* [WHAT YOU SHOULD DO] Below, find the line containing "Black ‘Ariosto’ shoes"; from there to the final line, print every line exactly and skip the pictures.

* [DATASET EXCERPT]
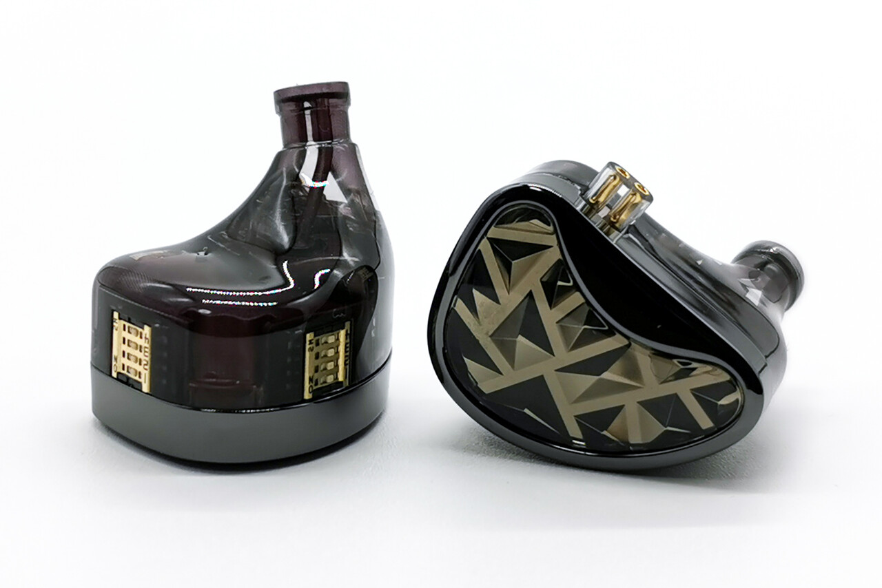 本体形状は以前の「KZ AS16」などのシリーズを踏襲しており、フェイスプレートは金属製で凹凸のあるデザインが施されたフェイス部分に透明な樹脂パーツが貼り付けられています。上位モデルらしくちょっとだけ凝った意匠ですね。本体部分は従来の金型成形のプラスチックではなく、3Dプリンタ出力によるもので内部に音導管を出力し、各BAユニットが接続されています。
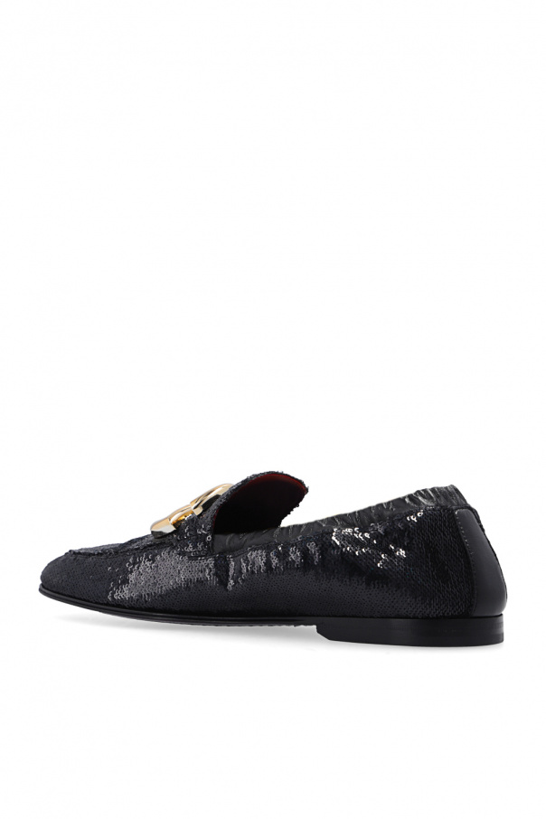 Black ‘Ariosto’ shoes from Dolce & Gabbana. Made of leather embellished with sequins, this pair features a gold-tone logo appliqué and purple rubber sole.
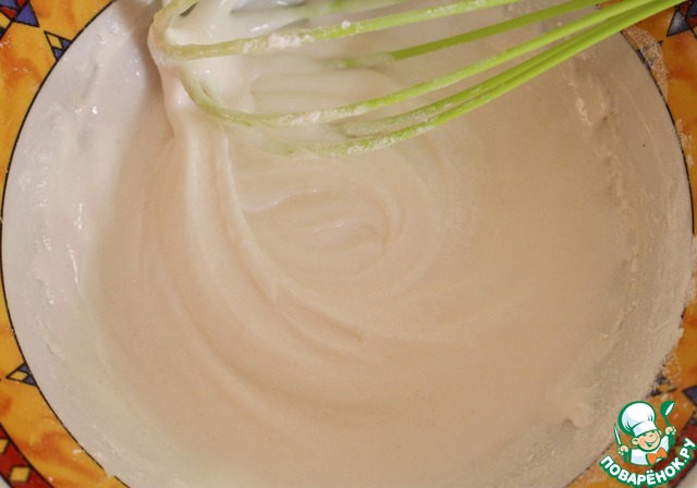 Сделать глазурь. Для этого смешать яичный белок с сахарной пудрой так, чтобы не было комочков. В конце добавить немного муки, чтобы глазурь не растекалась. Получится густая масса.

* [THE COMPLETED TASK]
 Black ‘Ariosto’ shoes from Dolce & Gabbana. Made of leather embellished with sequins, this pair features a gold-tone logo appliqué and purple rubber sole.
 Сделать глазурь. Для этого смешать яичный белок с сахарной пудрой так, чтобы не было комочков. В конце добавить немного муки, чтобы глазурь не растекалась. Получится густая масса.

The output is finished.